The gravamen of all Radtke’s complaints against defendants are related to alleged injuries that appear to arise out of the rendering of health care services; and the basis for Radtke’s claims of alleged false imprisonment, battery and defamation appear to be an incorrect medical determination that he needed to be confined. See Devitre v. Orthopedic Ctr. of St. Louis, LLC, 349 S.W.3d 327 (Mo. banc 2011) (despite plaintiffs characterization of claim as one for assault and battery, true claim against physician was for medical malpractice, as would trigger § 558.225’s requirement for filing of affidavit; whether party must file health care affidavit depends on if parties’ relationship is that of health care provider and recipient, and if the “true claim” relates only to the provision of health care services); Vitale v. Sandow, 912 S.W.2d 121 (Mo.Ct.App.1995) (affidavit required because basis of patient’s true claim for damages was that doctor’s diagnosis was incorrect, regardless of patient’s characterization of claim as an action for libel; damages for libel are damages for personal injury within meaning of § 538.225). However, in his arguments and pleadings, Radtke additionally claims possible violations of Chapter 632 of Missouri Revised Statutes.

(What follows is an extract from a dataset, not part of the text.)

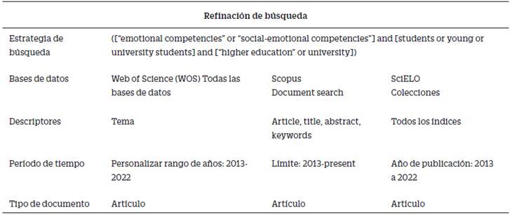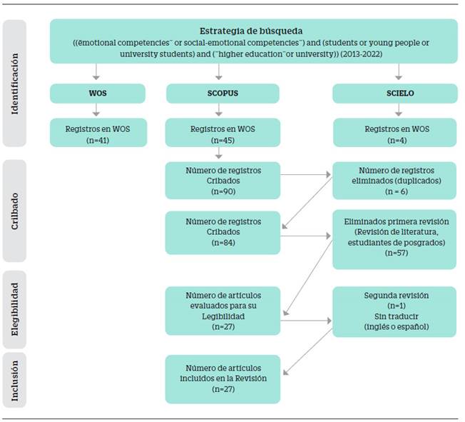 Los criterios de inclusión planteados para realizar la búsqueda de los artículos fueron: a) publicaciones empíricas de corte cualitativa, cuantitativa y mixta, que reportan investigaciones sobre competencias emocionales o socio-emocionales en estudiantes universitarios de pregrado; b) artículos científicos publicados en bases de datos Web of Science, Scopus y SciELO; y c) artículos publicados en el periodo de tiempo comprendido entre los años 2013 y 2022.

The Court finds the Complaint is sufficient to survive dismissal at this juncture. The record before the Court, as presently developed, appears additionally to raise the legal question whether Radtke was voluntarily confined or confined in accordance with the provisions of § 632.305. *1052Furthermore, the Court finds Radtke has adequately shown a genuine dispute exists as to whether the relevant relationship between the defendants and Radtke was one of health care providers and recipient; and whether Radtke’s “true claim” relates only to the provision of health care services within that relationship. The Court’s ruling is confined to material in the file that appropriately can be considered in the context of the present motion; it is highly probably that a different result would follow if the record was more fully developed, and appropriately-supported motions were presented. Based upon Radtke’s Complaint, and the pleadings, materials, and arguments that can be considered, given the posture of the case, the motions before the court, and the record as presently developed, the Court concludes neither dismissal nor a grant of summary judgment would be appropriate at this time. The Court will deny the Motions to Dismiss Counts III, IV and VII of Plaintiffs Amended Complaint.
IV. CONCLUSION
Accordingly,
IT IS HEREBY ORDERED that Defendant Arturo Calvo Taca, Jr. M.D.’s (“Taca”) “Motion to Dismiss Counts III, IV and VII of Plaintiffs Amended Complaint” [ECF No. 65] is DENIED.
IT IS FURTHER ORDERED that Defendants Mercy Hospitals East Communities’ (“Mercy”) and Rebecca Winzen’s (“Winzen”) “Motion to Dismiss Counts III, IV and VII of Plaintiffs Amended Complaint Against Defendants Winzen and Mercy Health” [ECF No. 68] is DENIED.
. While not determinative to the disposition of the dismissal motions before it, the Court notes defendants alleged in their Answers that Radtke voluntarily agreed to his admission to Mercy. The Court further notes Taca asserted § 632.440 as an affirmative defense. Win-zen and Mercy also claimed civil immunity pursuant to the statute, but their citation apparently contains a typographical error, as it cites to "§ 532.440 R.S.Mo.”